Why a little increase in transcription accuracy is such a big deal
A lot has been written lately about the importance of accuracy in speech-to-text transcription. It’s the key to unlocking value from the phone calls between your agents and your customers. For technology evaluators, it’s increasingly difficult to cut through the accuracy rates being marketed by vendors—from the larger players like Google and Amazon to smaller niche providers. How do you determine the best transcription engine for your organization to unlock the value of transcription?
The reality is that there is no one speech transcription model to rule them all. How do we know? We tried them.
In our own testing some models performed extremely well in industry benchmarks. But then they failed to reproduce even close to the same results when put into production contact center environments.
Benchmarks like Librispeech use a standardized set of audio files which speech engineers optimize for on many different dimensions (vocabulary, audio type, accents, etc). This is why we see WERs in the <2% range. These models are now outperforming the human ear (4% WER) on the same data which is an incredible feat of engineering. Doing well on industry benchmarks is impressive—but what evaluators really need to know is how these models perform in their real-world environment.

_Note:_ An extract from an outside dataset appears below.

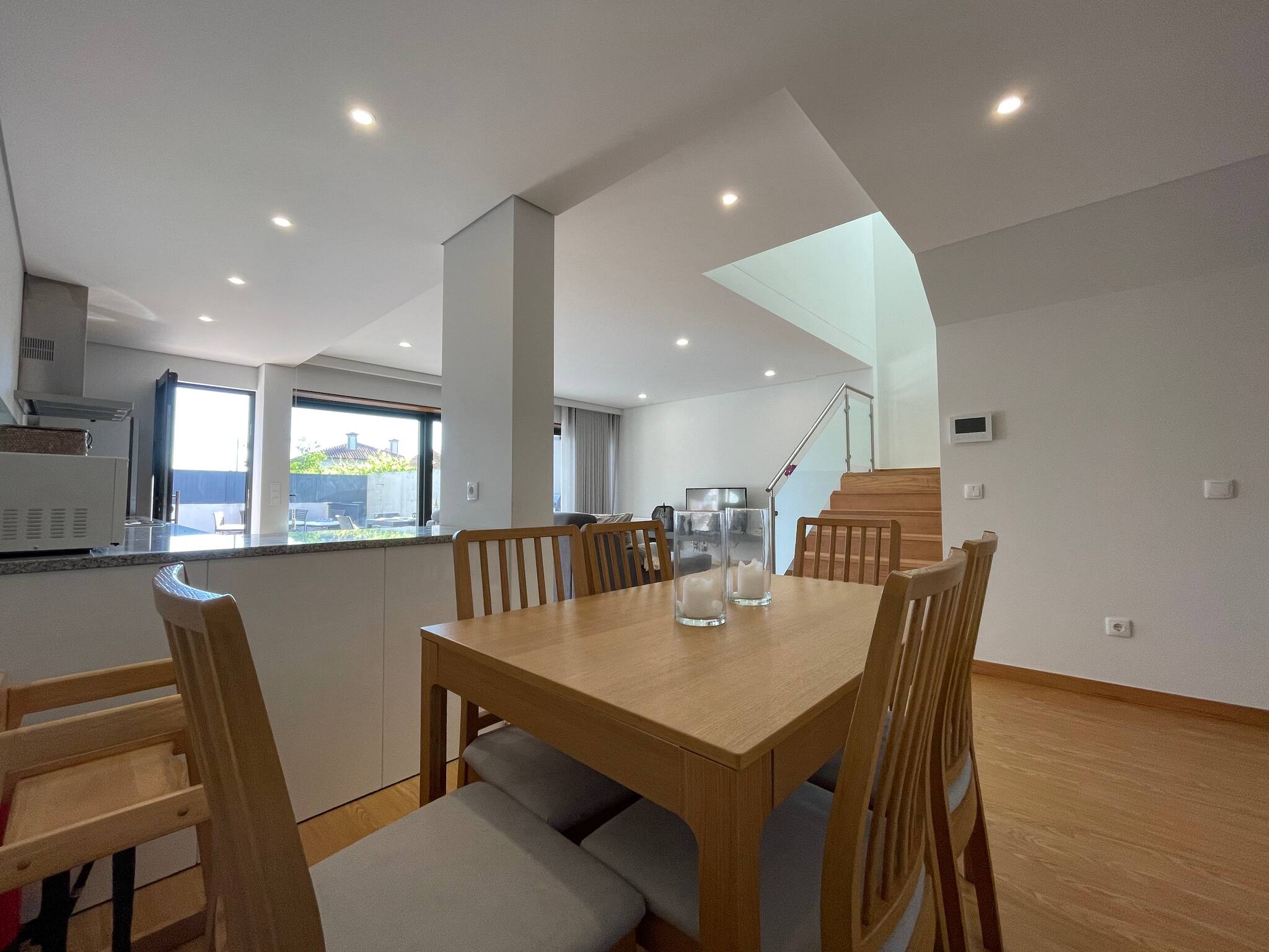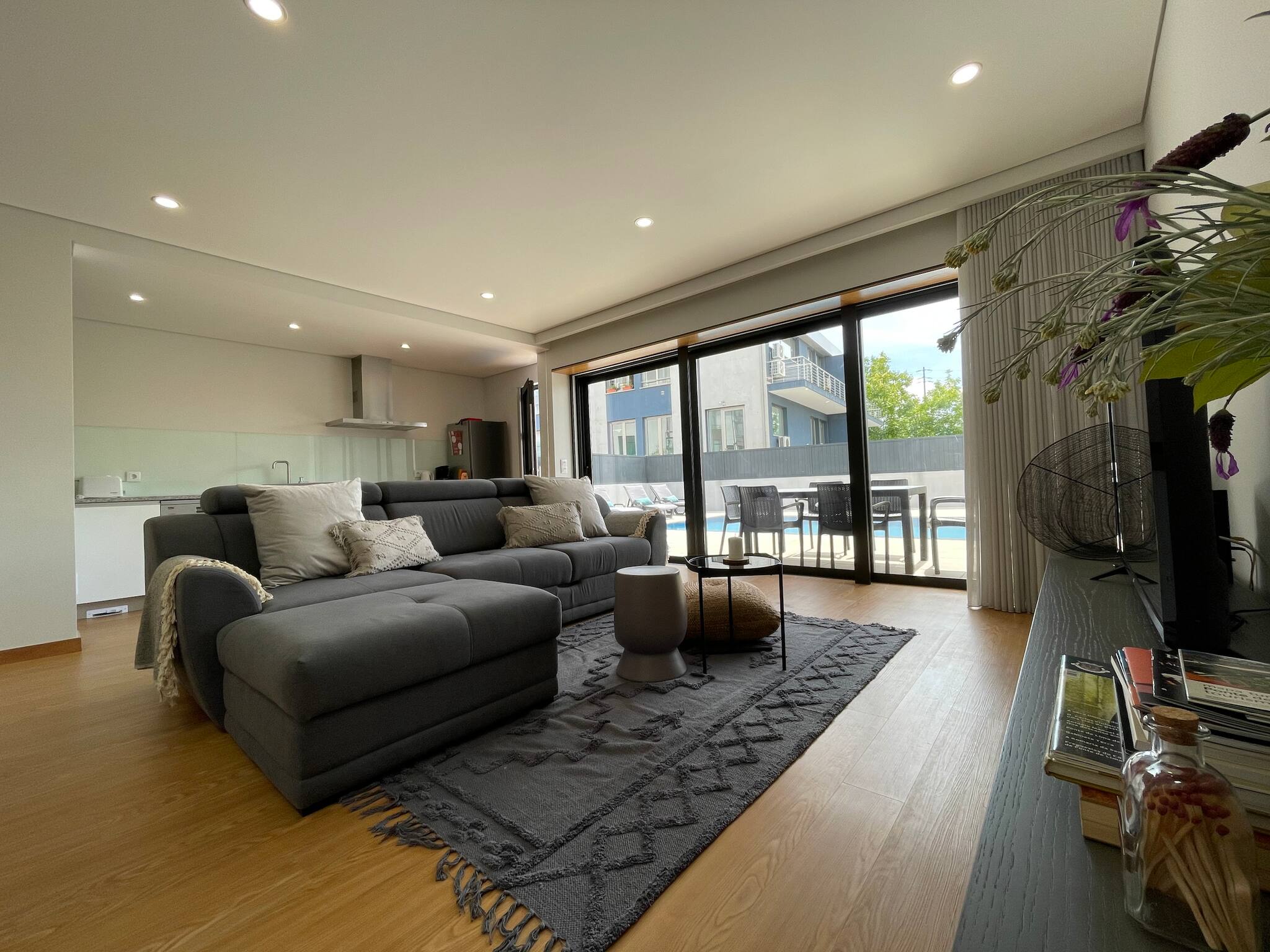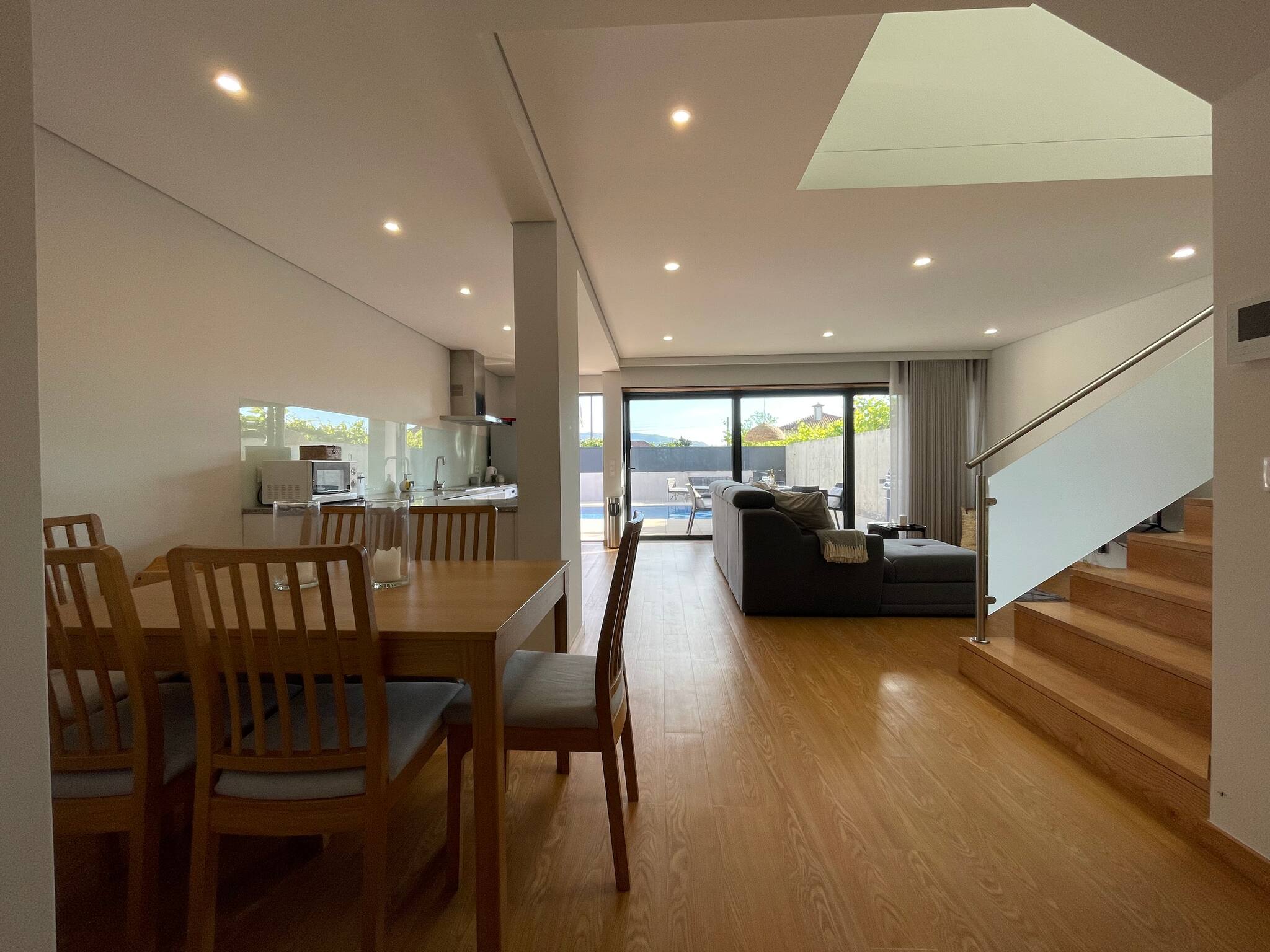 - no rés-do-chão, ao nível da piscina, uma ampla sala de estar, cozinha e sala de jantar. Além de um dos quartos (com cama de casal) e uma casa de banho que serve também de wc de serviço. Tem também a zona de lavandaria.
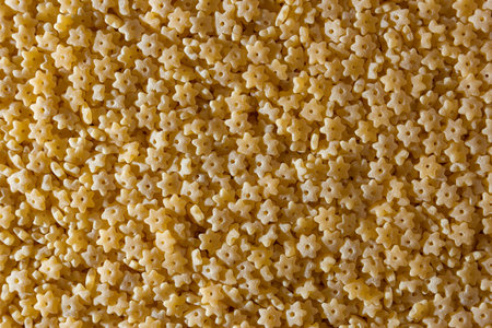 Uncooked Stelline Pasta: A Culinary Canvas of Stelline Macaroni, Creating a Lively and Textured Background for Gourmet Cooking. Dry Pasta. Raw Macaroni - Top View, Flat Lay

What we’ve found in our own testing is that most off-the-shelf Automatic Speech Recognition (ASR) models struggle with different contact center telephony environments and the business specific terminology used within those conversations. Before ASAPP, many of our customers were able to get transcription live after months of integration and even utilized domain specific ASRs, but only saw accuracy rates in the area of 70%, nudging closer to 80% only in the most ideal conditions. That is certainly a notch above where it was 5 or 10 years ago, but most companies still don’t transcribe 100% of phone calls. Why? Because they don’t expect to get enough value to justify the cost.

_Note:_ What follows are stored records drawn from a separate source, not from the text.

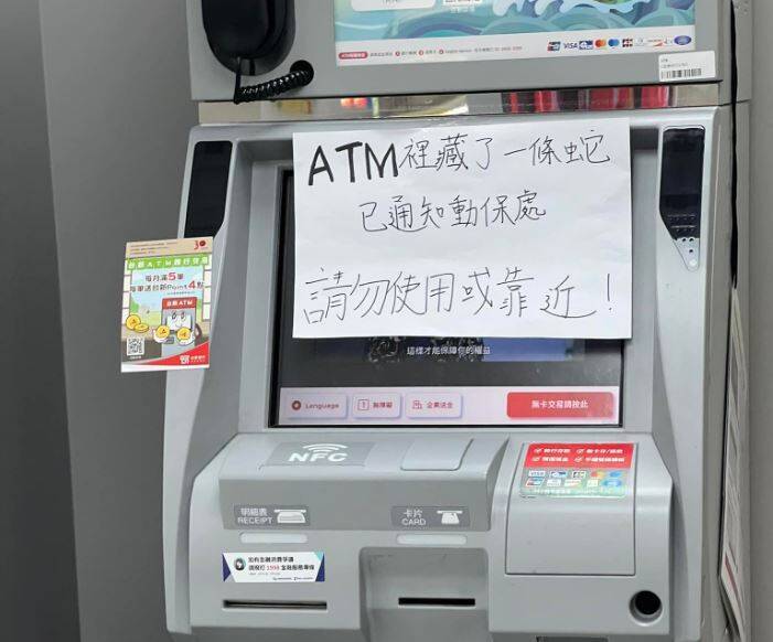 一名網友在臉書社團「爆廢公社公開版」分享照片,只見圖中是一台位於超商的ATM,但上面卻貼著一張紙條,內容是「ATM裡藏了一條蛇,已通知動保處,請勿使用或靠近!」讓身無分文急著要領錢的原PO感到有些傻眼。
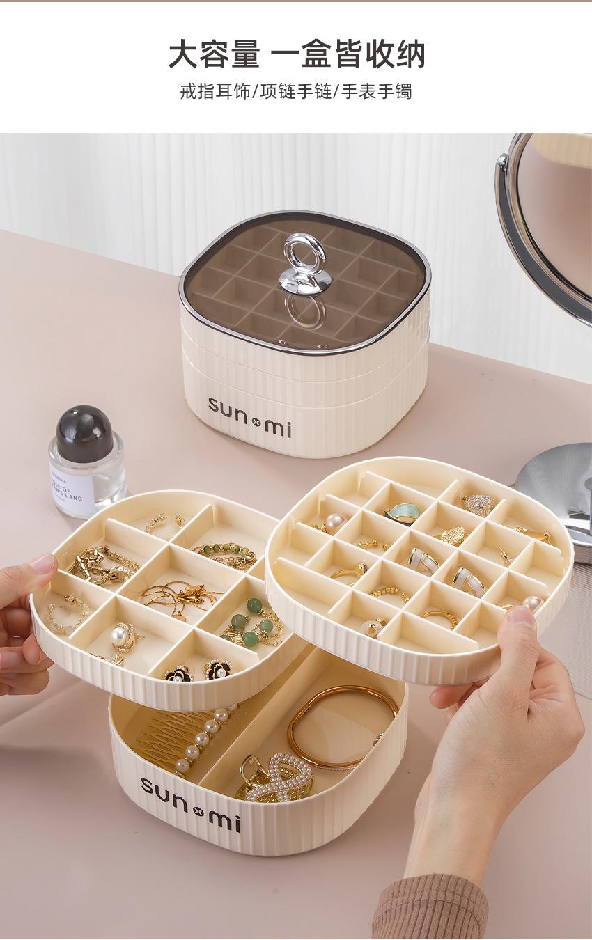 Caja de Almacenamiento de Joyas Estilo Crema Retro, Aretes, Pendientes, Collares, Anillos, Relojes y Joyeros con Particiones Multicapa de Aspecto Elegante
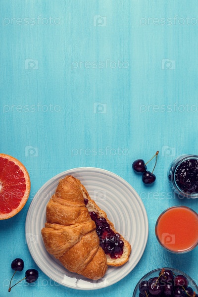 Завтрак с круассаном, джемом, фруктами и соком
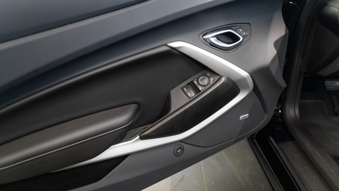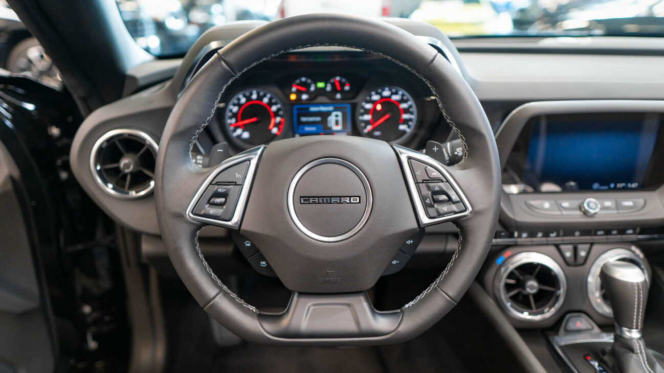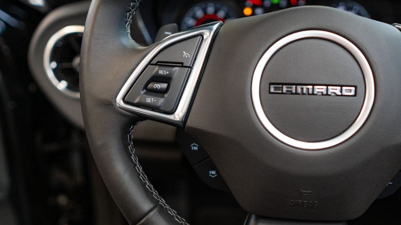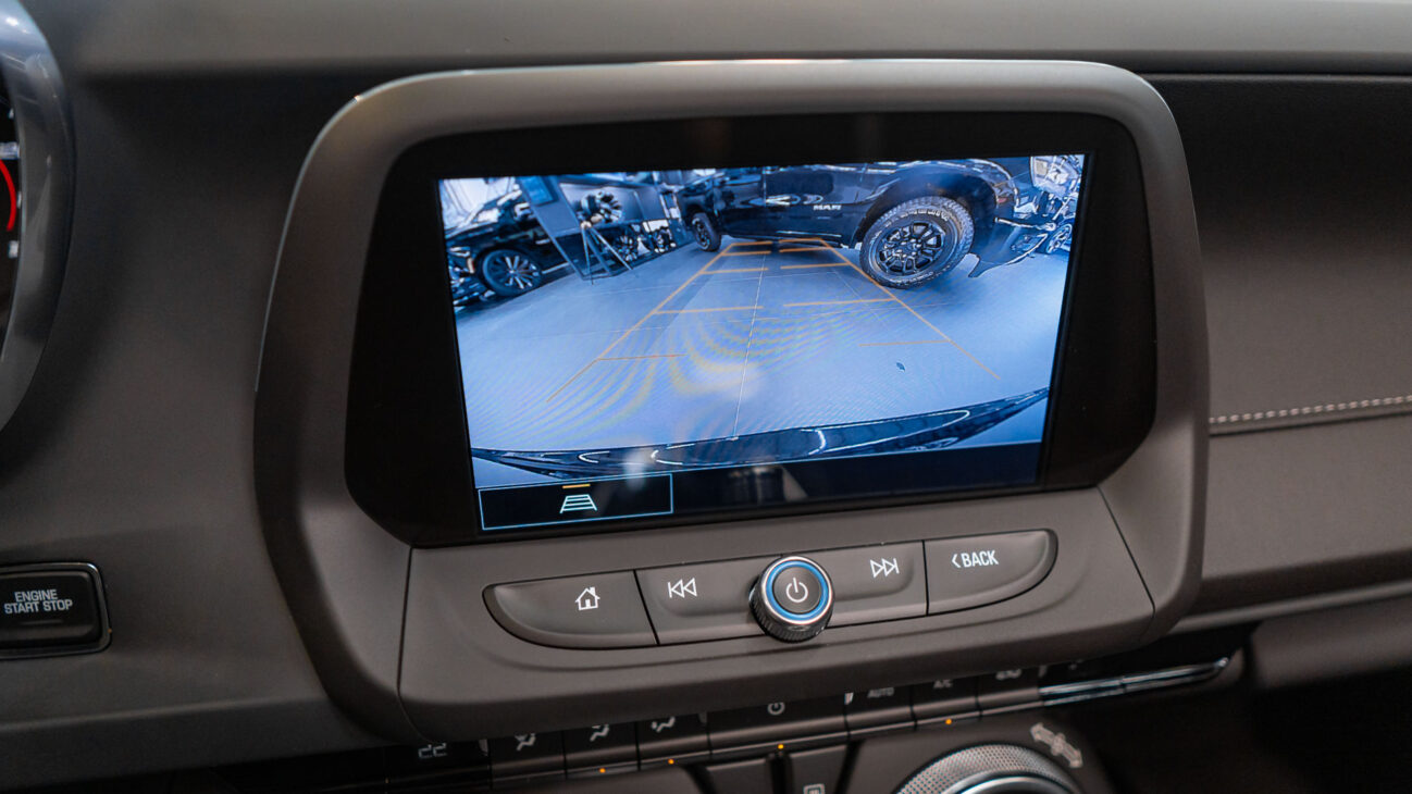 Inside, the Camaro offers supportive sport seats with excellent lateral bolstering. The driver’s seat is 8-way power adjustable, while the passenger seat features 6-way power adjustment. The sporty multifunction steering wheel is wrapped in leather, with a thick-rim design and tilt-and-telescopic adjustment. As part of the Technology Package, the Camaro comes equipped with a premium 9-speaker Bose audio system and the advanced Chevrolet Infotainment 3 system with an 8-inch touchscreen, supporting wireless Apple CarPlay and Android Auto. The car has keyless door opening and start.

So how much value is there in a higher real-world accuracy rate?
The words that are missed in the gap between 80% accuracy and 90% accuracy are often the ones that matter most. They’re the words that are specific to the business and are critical to unlocking value.
Austin Meyer
More than you might imagine. Words that are missed are often the most important ones—specific to the business and are critical to unlocking value. These would be things like:
- Company names (AT&T, Asurion, Airbnb)
- Product and promotion names (Galaxy S12, MLB League Pass, Marriott Bonvoy Card)
- People’s names, emails and addresses
- Long numbers such as serial numbers and account numbers
- Dollar amounts and and dates
To illustrate this point, let’s look at a sample of 10,000 hours of transcribed audio from a typical contact center. There are roughly 30,000 unique words within those transcripts, yet the system only needs to recognize 241 of the most frequently used words to get 80% accuracy. Those are largely words like “the”, “you”, “to”, “what”, and so on.
To get to 90% accuracy, the system needs to correctly transcribe the next 324 most frequently used words, and even more for every additional percent. These are often words that are unique to your business—the words that really matter.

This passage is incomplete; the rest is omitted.